Divergences doctrinaires et guerre de leadership : l’impossible alliance islamiste
Grisés par le succès facile de la fusion de cinq partis (FJD, dit El-Adala, d’Abdallah Djaballah, Ennahda, MEN, MSP et le Front du changement) dans deux grandes structures, les dirigeants islamistes intensifient les tractations depuis quelques jours pour aboutir à une seule grande alliance. Pour eux, cette union des deux «écoles jumelles» est le seul moyen pour éviter une débâcle assurée aux prochaines élections législatives. Mais cette démarche peut aussi cacher un jeu plus stratégique, qui a souvent réussi dans d’autres pays, qui est de se présenter en force dans la perspective d’un gouvernement de coalition. C’est d’ailleurs ce que leur ont toujours reproché leurs partenaires dans la Coordination nationale pour la transition et les libertés. Le MSP d’Abderrazak Mokri avait même entrepris un premier pas dans ses négociations avec le pouvoir, depuis déjà une année. En fait, ce parti ne conçoit pas une participation aux élections sans envisager d’entrer au gouvernement.
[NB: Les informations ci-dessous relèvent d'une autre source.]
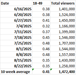 The show went head to head with 2 separate NFL preseason games on CBS and the NFL Network. The CBS game topped all of television with a 0.42 rating and 2.563 million viewers.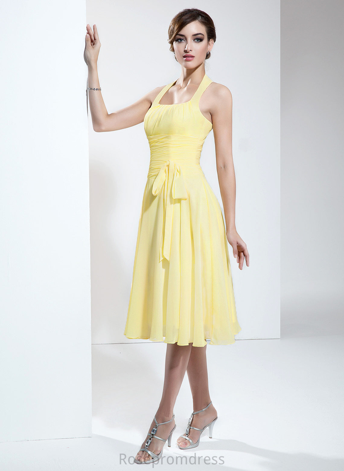 Knee-Length Fabric Neckline Embellishment A-Line Silhouette Ruffle Bow(s) Halter Length Virginia V-Neck Bridesmaid Dresses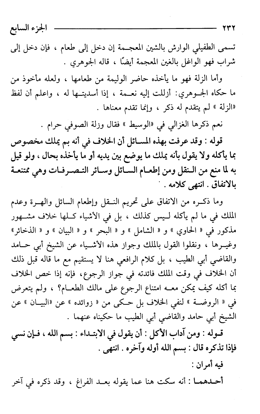وما ذكره من الاتفاق على تحريم النقل وإطعام السائل والهرة وعدم الملك في ما لم يأكله ليس كذلك، بل في الأشياء كلها خلاف مشهور مذكور في "الحاوي" و"الشامل" و"البحر" و"البيان" و"الذخائر" وغيرها، ونقلوا القول بالملك وجواز هذه الأشياء عن الشيخ أبي حامد والقاضي أبي الطيب، بل كلام الرافعي هنا لا يستقيم مع ما قاله قبل ذلك أن الخلاف في وقت الملك فائدته في جواز الرجوع، فإنه إذا خص الخلاف بما أكله كيف يمكن معه امتناع الرجوع على مالك الطعام؟ ، ولم يتعرض في "الروضة" لنفي الخلاف بل حكى من "زوائده" عن "البيان" عن الشيخ أبي حامد والقاضي أبي الطيب ما حكيناه عنهما.

Or, à peine l’initiative lancée, les divergences ont commencé à apparaître : répondant au MSP, le porte-parole d’El-Adala, Lakhdar Bekhellef, a été le premier à exprimer des réserves sur le projet, en refusant des conditions préalables pour l’amorce de tout dialogue dans le cadre des alliances. Le MSP met en avant son envergure et son poids électoral pour revendiquer le leadership islamiste. Dans un de ses innombrables écrits postés sur Facebook, Mokri l’a clairement signifié en rappelant, d’abord à ses alliés, que son parti était la seule formation politique «autostructurée» au niveau des quarante-huit wilayas. Donc, le MSP est, selon sa logique, le seul parti capable de fournir, entre autres, des candidats à d’éventuelles listes communes.
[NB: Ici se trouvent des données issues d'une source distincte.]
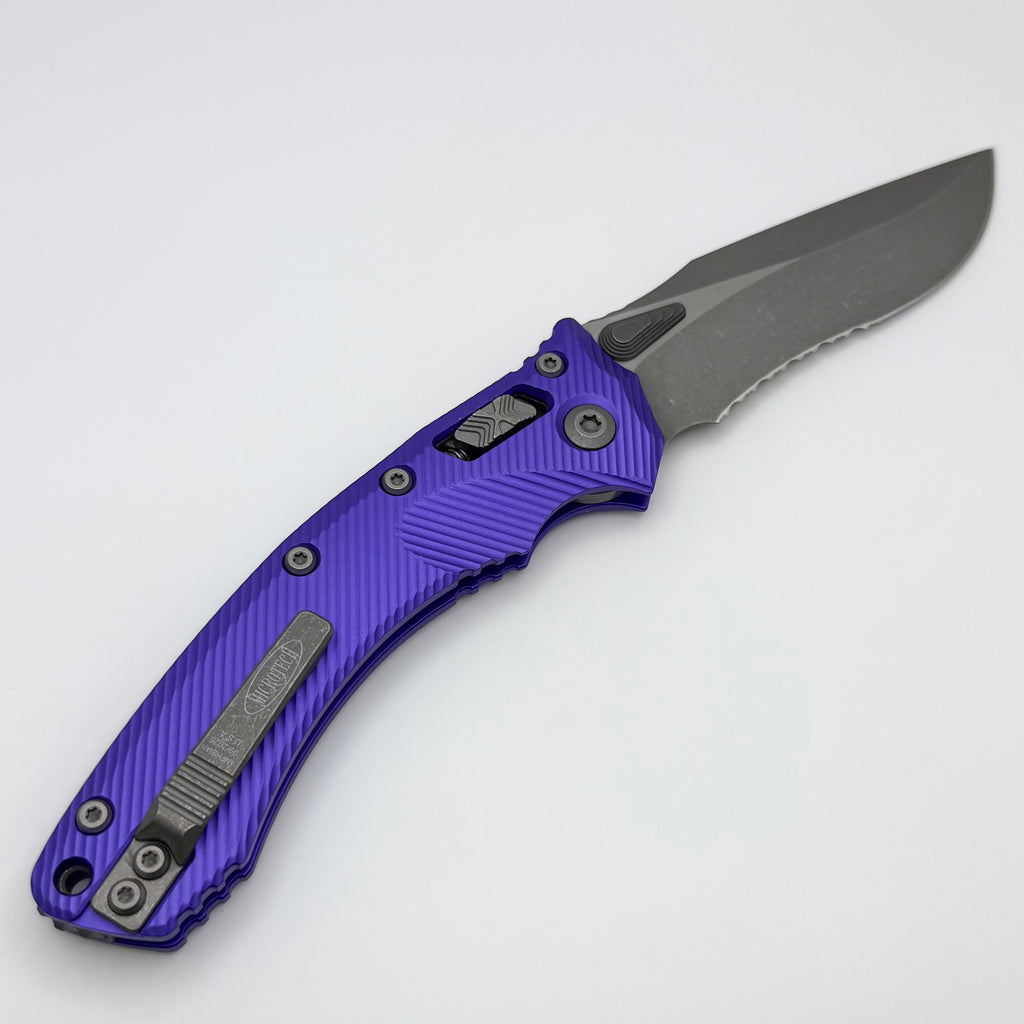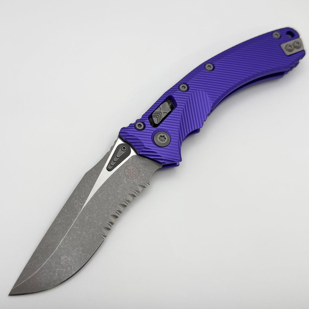 Microtech Amphibian RAM LOK Purple Fluted Aluminum & Apocalyptic Partial Serrated M390MK 137RL-11APFLPU

En plus de la guerre de leadership qui mine la famille islamiste, qui était à l’origine de sa fragmentation avant même le multipartisme, entre la mouvance radicale faussement dénommée «djaza’riste» représentée par Abassi Madani et Abdellatif Soltani, qui donnera ensuite le FIS, et la Ligue de la da’wa, fondée par Mahfoud Nahnah et Ahmed Sahnoune, qui donnera le Hamas, ancêtre du MSP, cette quête d’alliance bute sur un autre obstacle tout aussi sérieux. Ce dernier risque de freiner cet élan et annihiler toute possibilité d’avoir un pouvoir de décision. Il s’agit de leur affiliation à de différentes références doctrinaires et idéologiques au-delà des frontières, elles-mêmes divisées (Frères musulmans égyptiens, AKP, wahhabites, Al-Azhar, etc.)
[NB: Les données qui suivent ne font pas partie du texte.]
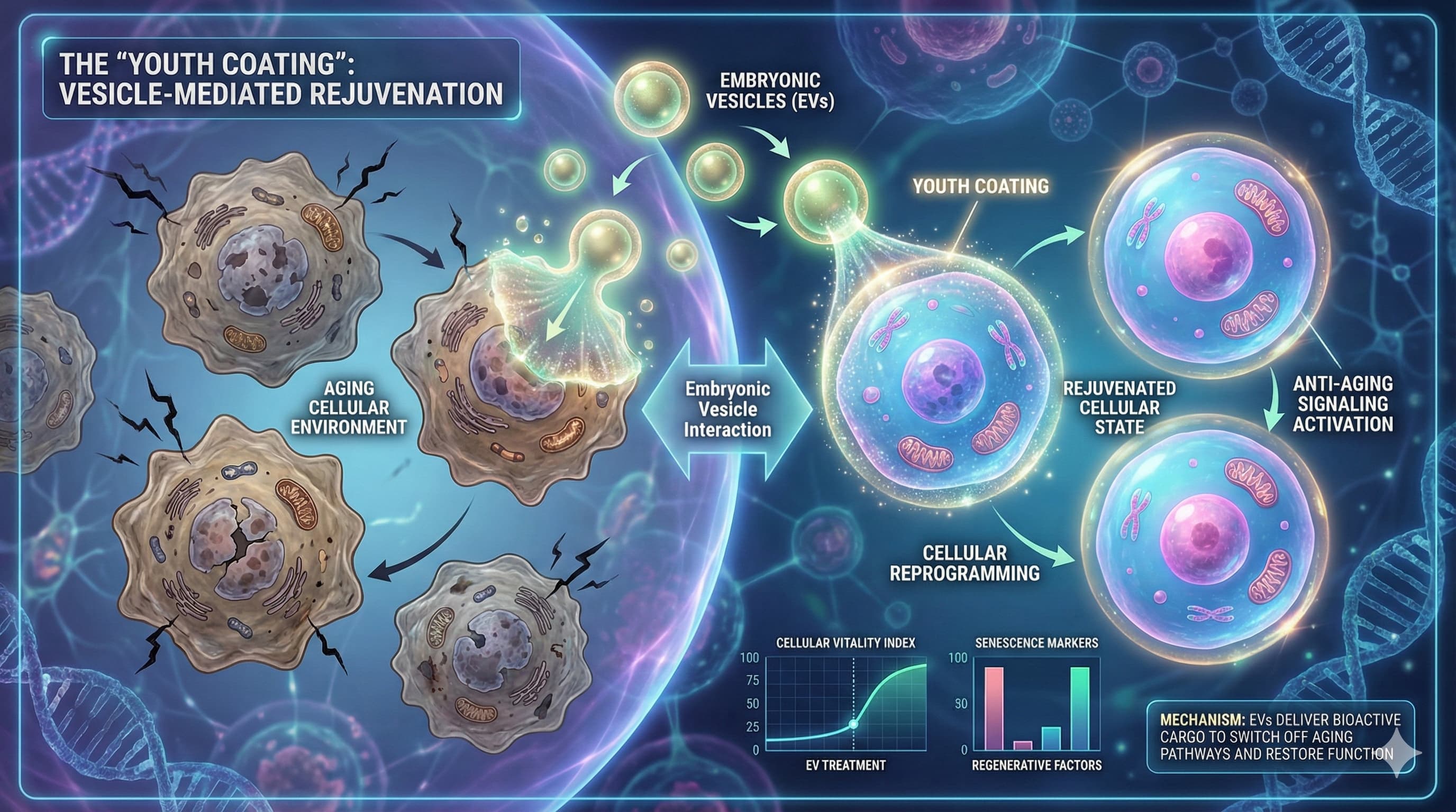 A team of researchers at Cornell University has identified a specific molecular “coating” on the surface of embryonic stem cell-derived (EVs) that appears to be the master switch for their potent anti-aging effects. While the scientific community has long known that “young” EVs can rejuvenate “old” cells, the precise mechanism has remained a “black box”—until now.

Ainsi, le MSP de Mokri est totalement inféodé au parti islamiste au pouvoir à Ankara, porte-drapeau des Frères musulmans dans le monde, tout en développant un discours conciliant et diplomatique, la mouvance incarnée par Abdallah Djaballah est, elle, plus portée par un discours rigoriste, à mi-chemin entre un salafisme d’inspiration wahhabite et un réformisme version ouléma. Alors qu’on sait qu’entre les deux courants la rivalité n’a jamais été aussi vive que depuis la chute des Frères musulmans en Egypte.
L’échec des expériences islamistes dans le monde arabe depuis 2011 et le discrédit qui frappe ces organisations, organiquement liées au terrorisme ravageur et dont l’Algérie a été la première cible, ont obligé les islamistes algériens à se repositionner et, aujourd’hui, à ruser pour s’adapter à la nouvelle conjoncture. D’où cette quête éperdue d’alliances entre frères ennemis.